Imerslund-Grasbeck-syndrom: This disorder is caused by a defective transport of cobalamin by enterocytes. This disease is characterized by proteinuria and lose of cobalamin in urine (Ben-Ami et al. 1990). Cobalamin malabsorption in this case is not related to intrinsic factor deficiency or to an abnormal cobalain-intrinsic factor complex. The cause behind cobalamin malabsorption and lose is related to a defective cubulin, the receptor for IF-cobalamin that is expressed in the enterocytes and the renal tubulus.
Disorders of cobalamin utilization: There are several inherited defects in cobalamin utilization. These are summarized in Fig. 16.1. Methylmalonic aciduria is related to a functional defect or a deficiency of the mithochondrial enzyme, methylmalonyl CoA mutase. This defect is characterized by severe elevation of blood and urine concentrations of MMA. Cultures of patients fibroblasts have shown that some patients do not response to cobalamin treatment, and others have a residual enzyme activity and response to cobalamin treatment. Cobalamin mutant A and B are related to adenosylcobalamin deficiency and cause methylmalonic aciduria. Cobalamin A defect is related to a failure in a reduction step and the second disorder is caused by a failure to transfer adenosyl to cobalamin.
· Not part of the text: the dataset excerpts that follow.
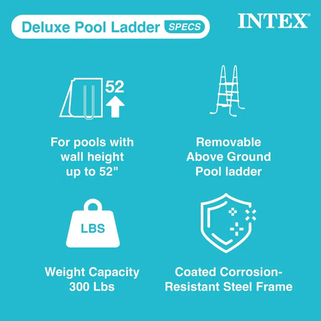 The Intex 52-Inch Pool Ladder is the best choice for your 52-inch tall above ground swimming pool. This ladder is a practical, as well as attractive, addition to your pool set. This industry leading swimming pool ladder includes easily removable steps that can be removed from the pool area when it is not in use. To replace these steps, simply set them in the base then snap and lock them into place. It's constructed from high impact composite material for superior strength and durability. It features an improved support base design to ensure years of use. Assembly is easy with this ladder as the pieces all connect. All in all, assembly only takes minutes. Add the perfect pool accessory to your summer set up with the Deluxe Pool Ladder by Intex.
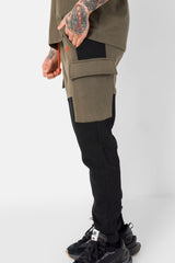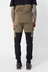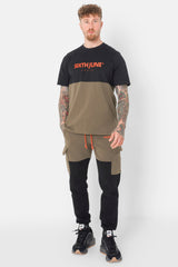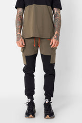 Taille élastique avec cordons de serrage orange, empiècements bicolores, logo brodé orange à l'avant.
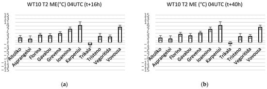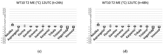 As shown in Figure 8 for WT10, the forecasts of 12 UTC air temperature are generally satisfactory, with mean errors generally below 1 °C. On the contrary, there are large errors in the 04 UTC air temperature, especially for the inland and mountainous stations, where the errors are about 8 °C. So, the model systematically overestimates the early morning air temperature, especially over the mountainous areas. The only exception is the station of Trikala, which is a lowland station east of the Pindus mountain range and presents a very good forecast skill for both 04 UTC and 12 UTC air temperatures. The largest errors of 2 m air temperature at 04 UTC occur at station Karpenisi, which is located 700 m above sea level, and the station Vovousa follows, which is located 1024 m above sea level. Also, it has to be mentioned that both stations are located in small canyons with a remarkable altitude increase over small distances, affecting the local weather characteristics. The terrain near these stations cannot be modeled properly by the WRF model due to fact that the 2 × 2 km horizontal resolution cannot capture such abrupt changes in the relief. Also, the differences between the real and weighted altitudes at the locations of Karpenisi and Vovousa stations are 173 and 225 m, respectively. As mentioned in methodology, the values of modeled temperature are corrected based on an empirical lapse rate of 6.5 K/km. This correction may be misleading for these stations, especially when temperature inversion conditions prevail over the corresponding regions.
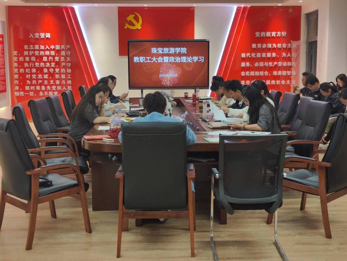 6月5日下午,珠寶旅游學院在勘物樓A303召開教職工大會暨政治理論學習。此次會議由珠寶旅游學院黨委書記張穎主持,全體教職工參加。本次會議共分兩個階段。第一階段為第一議題的學習和專題學習,第一議題由盛之純老師領(lǐng)學,學習習近平總書記在中共中央政治局第十四次集體學習時的重要講話精神,中共中央總書記習近平在主持學習時強調(diào),促進高質(zhì)量充分就業(yè),是新時代新征程就業(yè)工作的新定位、新使命。接著學院黨委書記張穎對目前就業(yè)形勢以及學院的就業(yè)情況進行了分析,要求堅持把高校畢業(yè)生等青年群體就業(yè)作為重中...
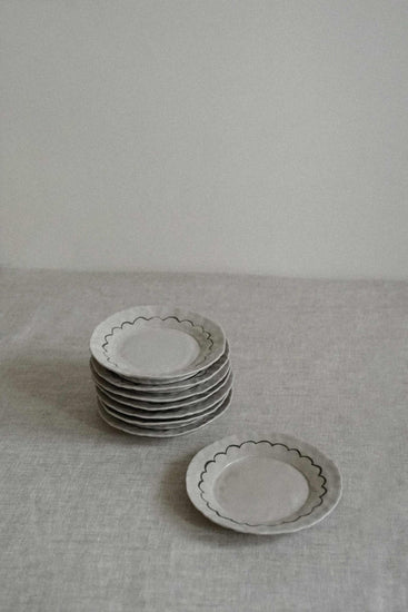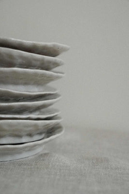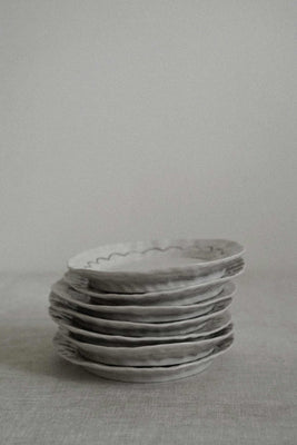 Each piece is individually coiled and pinched into shape and glazed with creamy tin glaze. The result, a glassy surface that plays off the bumpy surface of the imperfect forms making each piece uniquely beautiful and impossible to replicate.
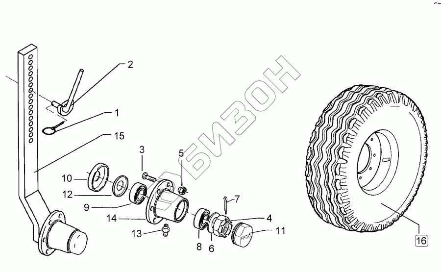 Графический каталог запасных частей к технике: Lemken Smaragd 9/500K. Depth wheel 195 R15 70x30
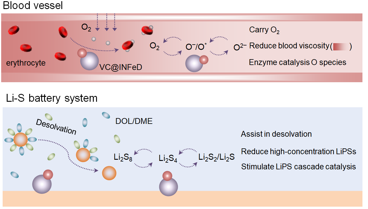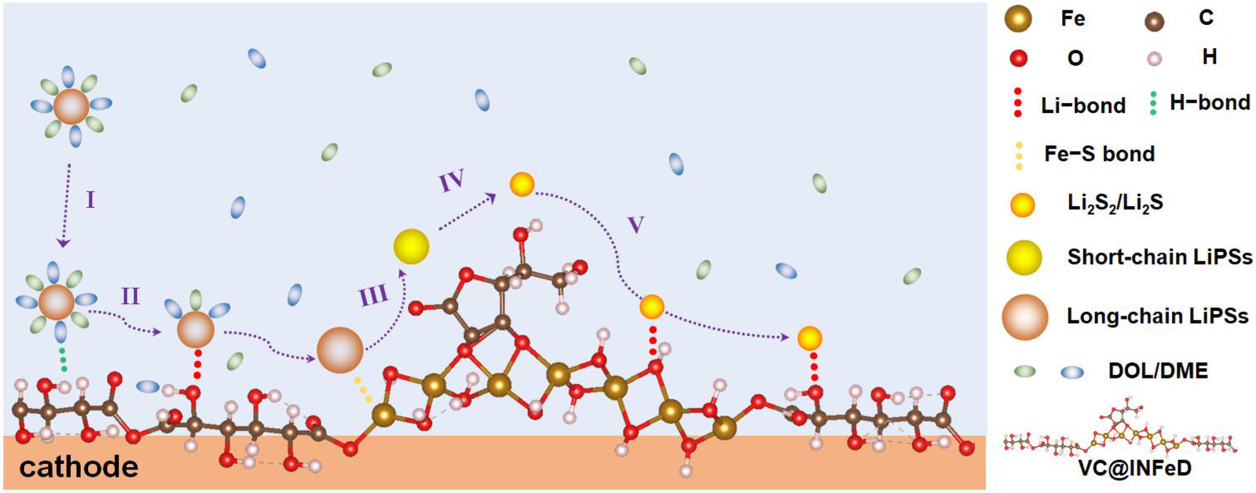 在此,受右旋糖酐铁(INFeD)和抗坏血酸(VC)联合作为治疗贫血的补血药启发,51暗网 杨植教授、蔡冬博士与杨硕博士联合开发了一种高效的VC@INFeD硫正极催化剂,在多重H/Li键的协助下,溶剂化的多硫化锂(LiPSs)在正极/电解质界面上可通过具有梯度吸附能力的羟基基团完成富集和脱溶化,随后在INFeD链上完成转移,进而在VC@INFeD级联催化位点实现其彻底转化。结果表明,INFeD主要促进长链LiPSs的转化,VC加速短链LiPSs的转化,两者协同可以显著降低每个硫氧化还原步骤的能量势垒,并赋予锂硫电池优异的电化学性能。即使在高硫含量(5.2 mg cm‒1)和贫电解质(E/S,~7μL mg−1)条件下,也具有高硫利用率和良好的循环稳定性。
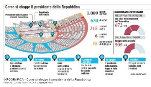 Il Capo dello Stato viene eletto a Montecitorio dal Parlamento riunito in seduta comune. Sono 1009 i "grandi elettori": 630 deputati, 321 senatori e i 58 delegati regionali. Per le prime tre votazioni la maggioranza richiesta è quella dei due terzi poi basta la maggioranza assoluta
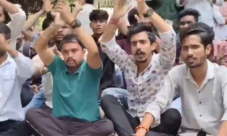 18 अगस्त की परीक्षा रद्द करने की मांग पर एनएसयूआई-एबीवीपी का कॉलेज में धरना
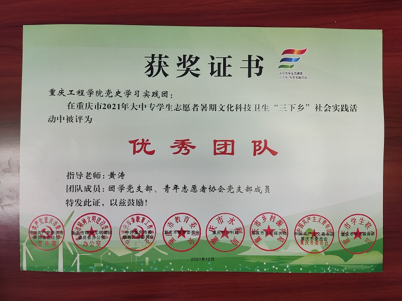 重庆工程学院党史学习实践团在重庆市2021年大学生暑期三下乡社会实践活动中被评为优秀团队
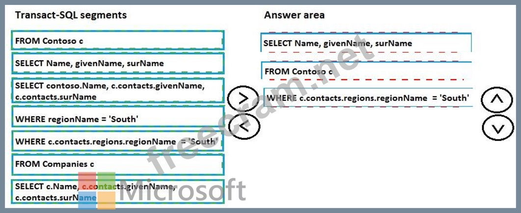 Question 86: DRAG DROP Contoso has an Azure DocumentDB database that cont...
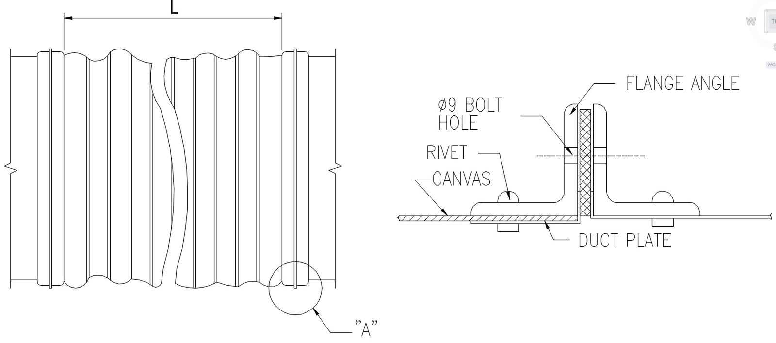 2D design of the structural component in AutoCAD drawing. There were duct plate, canvas, flanged angle, rivet, 9mm dia. bolt hole, and other detailed information are given in this design. For more knowledge and detailed information download the AutoCAD 2D dwg file.
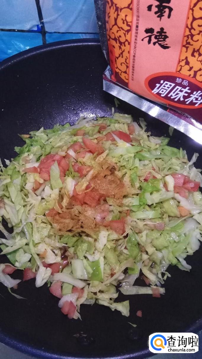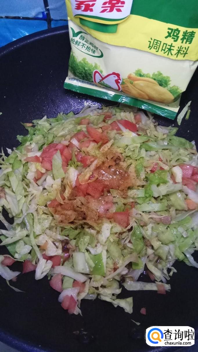 放入适量盐,鸡精,五香粉,这个量可以比平时稍微多一些,因为还要和面条进行搅拌。
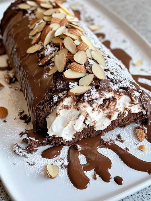Elegance in every slice: rich roll of cream and chocolate almonds
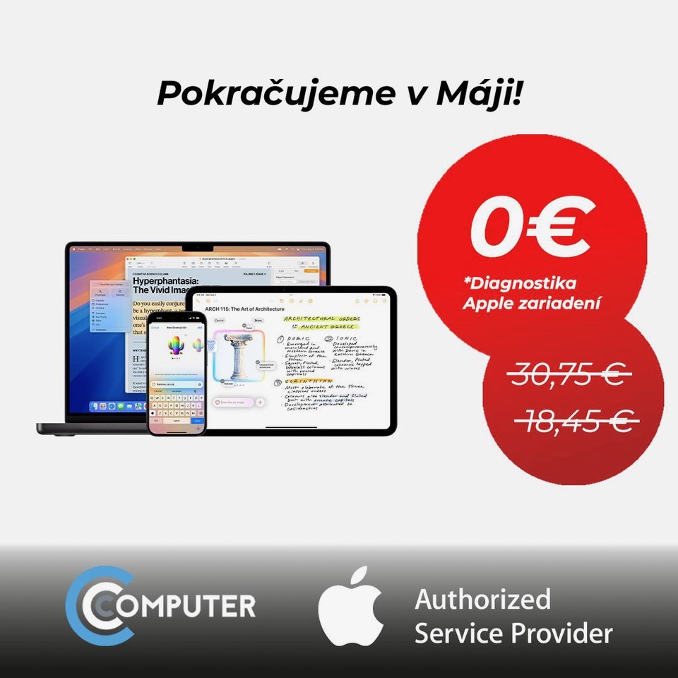 Komerční sdělení: Pokud máte iPhone, iPad, Mac nebo jakékoli jiné Apple zařízení a chcete si být jisti jeho stavem, máme pro vás skvělou zprávu! Po celý měsíc květen nabízí servis C.C.Computer v Bratislavě bezplatnou diagnostiku všech Apple zařízení. Ať už váš přístroj vykazuje potíže, nebo chcete jen zkontrolovat jeho kondici, nyní máte možnost získat odborné posouzení zcela zdarma.

Cobalamin mutant C, D, and F diseases are associated with combined adenosylcobalamin and methylcobalain deficiencies. Therefore, patients have usually, homocysteinuria, hypomethioninemia, and methylmalonic aciduria. The C and D defects involve a defective reductase step; whereas the F mutant involves inability of releasing cobalamin from the lysosome. The last two disorders in cobalamin utilization are, cobalamin mutant E and G that are related to methylcobalamin deficiency.
Haptocorrin deficiency (deficiency of R binder): This case has been recently reported and is associated with a very low total serum cobalamin. Nevertheless, subjects who express this phenotype remain asymptomatic and concentrations of holotranscobalain remain within the normal range (Lin et al. 2001).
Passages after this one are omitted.